I'm not even going to TRY to come up with a coherent thought, but somehow I can't leave these two books unreviewed. So here you go:
"Adventures in the Alaskan Skin Trade" by John Hawkes
My university PoMo teacher included John Hawkes in his "required postmodern reading" list, so I picked up a few of his books...but at the time I didn't understand how he fit into the category; his writing was far too straightforward for my rough little mind to accept.
I can't speak for Hawkes' other books (yet), but I can certainly understand his pomo chops now. "Adventures in the Alaskan Skin Trade" is partly a wild adventure story, but it is mainly a love-letter to language, in particular the telling of stories.
The book's characters often break into long, detailed, fascinating monologues about their adventures...but they don't do this to impart information or to soothe others...they do it to BLUDGEON their listeners. In this book, stories are weapons; they help to maintain the status quo. When two new characters meet each other for the first time, they attack each other with stories, and the loser is permanently scarred.
What's amazing about Hawkes is his ability to get this across in a subtle, ambiguous way, and to combine it with stories that are more gripping and unusual than you'd find in the best "boy's adventure" book. For that reason, "Adventures in the Alaskan Skin Trade" could be seen as a lot of different things (and that's also why, the first time I read it, I had no idea what the point was). But now I see it as an evil, uncomfortable, vicious tale about the passive ways that people abuse each other, presented through the metaphor of storytelling.
"Hunting with the Eskimos" by Harry Whitney
It's difficult to read an autobiography written by a man you don't like, and such is this book by Harry Whitney. He wasn't EVIL or anything, he was just a selfish, egocentric, dim-witted rich guy who decided on a whim that he'd like to kill musk ox, and then wrote a book about his year sponging off the Inuit.

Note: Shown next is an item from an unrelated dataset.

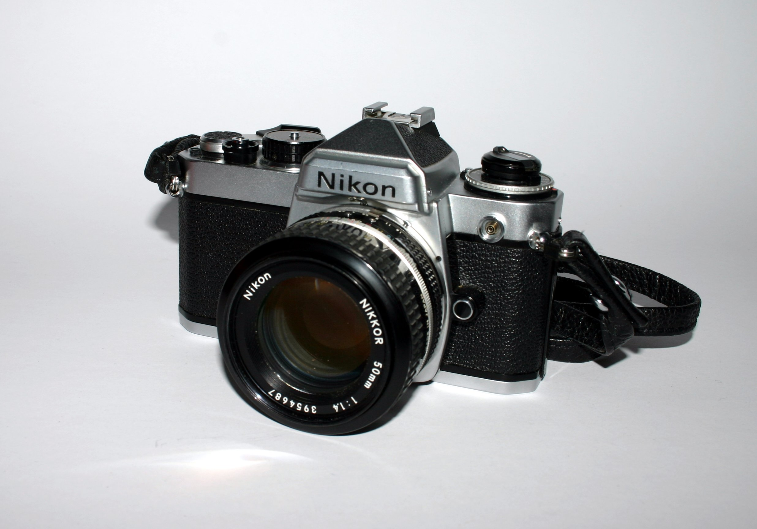 A Nikon FE, an analogue single-lens reflex camera with Nikkor 50mm f/1.4 lens. Location: Wikipedia Workshop Cologne 2006
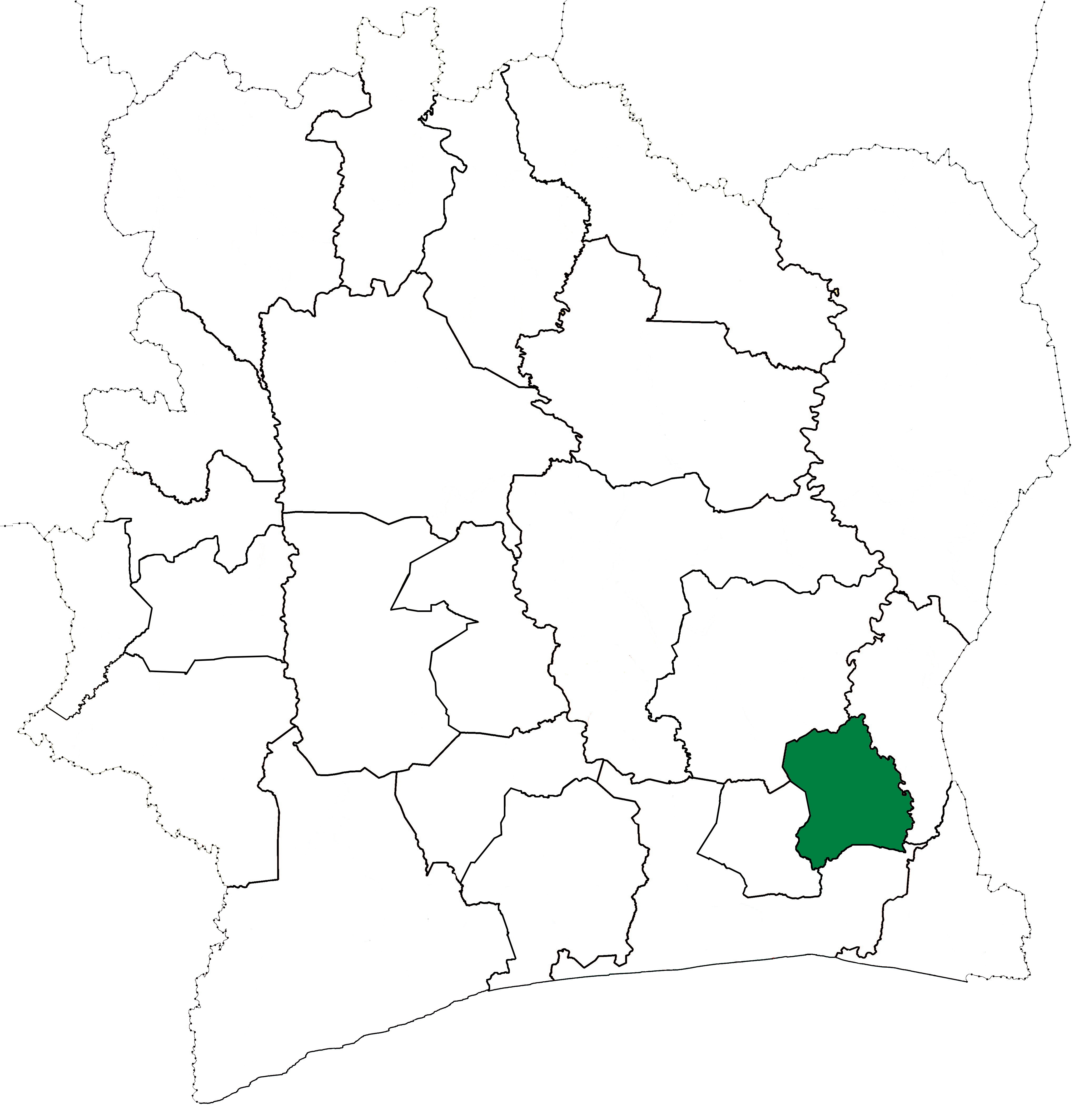 Locator map for Adzopé Department in Côte d'Ivoire when the 24 new departments were created in 1969. Adzopé Department kept these boundaries until 2005, but other departments began to be divided in 1974.

His writing style is atrocious. The book is a long string of pseudo-facts that barely rise above the level of a point-form journal: somebody sees a walrus, everybody sets out to kill the walrus, the weather turns bad, they return home with only one walrus. It's all like that except when Whitney sees something beautiful, in which case he'll describe it to us as being "indescribable." Thanks, Harry.
What's more, Whitney spent the entire Arctic winter amongst the Inuit, who were forced to babysit him. What the Inuit got out of this exchange is never stated, though they did seem to like his biscuits.
Even before he got off the boat Whitney had begun to hurt himself. It seems like every week he was suffering some new injury and that some new part of his body was frozen, swollen, or both. He kept wandering off, getting stuck in storms, and coming home again with frozen feet, which the Inuit women would stick between their breasts and rub back to life.
Whenever they went hunting, Whitney insisted on getting his trophies. To hell with the fact that the Inuit needed to, like, EAT, Whitney would hold them off so that he could take the first shot, or so that they could find the musk ox with the biggest horns, and meanwhile the Inuit hunting dogs were getting slaughtered and the game was escaping. Whenever he did this the Inuit hunters would become, in Whitney's words, "sulky and disagreeable."
You understand why I didn't like him.
On the positive side, however, he provided many comical accounts of the Inuit "going problokto," which he described as a form of insanity that the "Highland Eskimos" were prone to. Right in the middle of cooking a meal or spearing a walrus, somebody or other would run screaming around the ice floes, tearing off their clothes. This happened more often even that Whitney's frequent injuries, and I suspect that the Inuit did this to amuse Whitney, or more likely to distract him while they stole his biscuits.
The book does manage to shed some light on Inuit culture, but moreso it exposes the strange mindset of the turn-of-the-century "professional sportsman," men who travelled the world in order to kill the biggest animals they could find, usually with the invaluable assistance of "sulky, disagreeable" natives, just so they could nail something to their wall and bludgeon their children with adventure stories.
2 comments:
And people like good old Harry there wonder why people don't like Americans...you are stronger than I for reading that one, I'd have chucked it in the bin.
Though there's something to be said for the "ugly American abroad" thing, I think Harry suffered from the general condition of being a rich, selfish, uneducated guy in 1908.
The only way I managed to finish it was by anticipating his next injury.